Spoken Menu Nourishes Patient Satisfaction at Baystate Medical Center

Baystate Medical Center’s patient satisfaction scores improved with the launch of a Spoken Menu concept combined with guest service ambassadors and a new pod tray assembly area supported by Aladdin Temp-Rite’s Heat on Demand Advantage and Ready-Chill systems.


Baystate Health is a consortium of four hospitals and medical centers located in western Massachusetts. The not-for-profit healthcare provider’s mission is “to improve the health of the people in our communities every day with quality and compassion.” Baystate Medical Center, a 714-bed acute care hospital in Springfield, is the only level 1 trauma center in this part of the state.

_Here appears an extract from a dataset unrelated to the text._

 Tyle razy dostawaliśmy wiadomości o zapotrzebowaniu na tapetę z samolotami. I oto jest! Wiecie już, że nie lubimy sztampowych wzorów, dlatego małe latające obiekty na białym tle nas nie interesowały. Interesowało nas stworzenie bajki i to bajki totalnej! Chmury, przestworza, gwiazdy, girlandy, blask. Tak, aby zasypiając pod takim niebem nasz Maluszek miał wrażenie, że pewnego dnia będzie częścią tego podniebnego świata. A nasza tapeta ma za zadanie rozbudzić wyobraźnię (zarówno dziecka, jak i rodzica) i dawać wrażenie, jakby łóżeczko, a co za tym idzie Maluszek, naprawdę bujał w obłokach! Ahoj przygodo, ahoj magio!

From 2007 to 2013 Baystate Health’s Food and Nutrition department provided room service to its patients. This delivery method offered patients an extensive menu and multiple service hours. Despite the convenience offered to patients, it wasn’t working well. “We weren’t getting meals to the patients in an appropriate amount of time, which is 45 minutes to one hour,” says Nancy Robinson, BS, MBA, Director for Patient and Guest Services. “We couldn’t meet the timeframe consistently during peak volume times in part because of inefficiencies in the kitchen, and the amount of distance between the kitchen and the new tower’s patient rooms.”

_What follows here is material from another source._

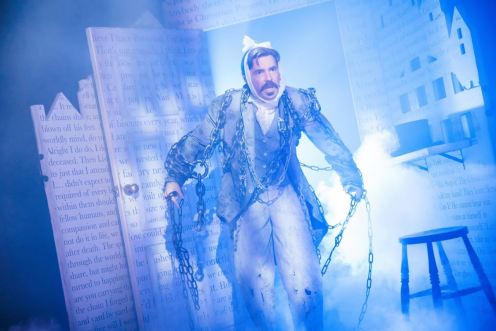 Props are used with similar intelligence. The oversized ledger that dominates Scrooge’s desk is an inspired symbol – his obsession with work, his fixation on numbers, his myopic understanding of value. Its physical enormity onstage communicates everything we need to know about the weight he carries and the weight he imposes on others. As the story progresses, however, the ledger is eclipsed by a magical snow-globe, introduced as Scrooge revisits his past and peers into possible futures. The snow-globe does more than conjure Christmas sentimentality: it represents childishness lost and, ultimately, rediscovered. It marks the moment he allows himself to look beyond profit margins and into memory, emotion, and imagination.

Robinson and Richard Callahan, Baystate Medical Center’s Chef and Production Manager, asked a consultant to examine the operation and suggest operational efficiencies. An evaluation team recommended a hybrid model, minimizing room service and adopting a spoken menu/ambassador/pod tray assembly system. “We pushed back,” Robinson admits. “A second consultant also recommended the same approach. We decided to take their advice, and reached out to Premier, Inc., a group purchasing organization, and Aladdin Temp-Rite, for their expertise and support.” 

Several goals were set:

  • To increase patient satisfaction with food and nutrition;
  • To offer patients two high-quality choices instead of multiple room service menu choices that were often inconsistent in quality;
  • To make getting a meal a simpler, more personal interaction;
  • To ensure patients receive their hot food hot, and cold food cold, by streamlining the assembly and delivery to under 45 minutes to one hour;
  • To offer alternative menu items such as pizza, sandwiches, hamburgers and salads to patients who want other options; 
  • To simplify and reduce menu offerings and liability of exposure to so many products offered by room service.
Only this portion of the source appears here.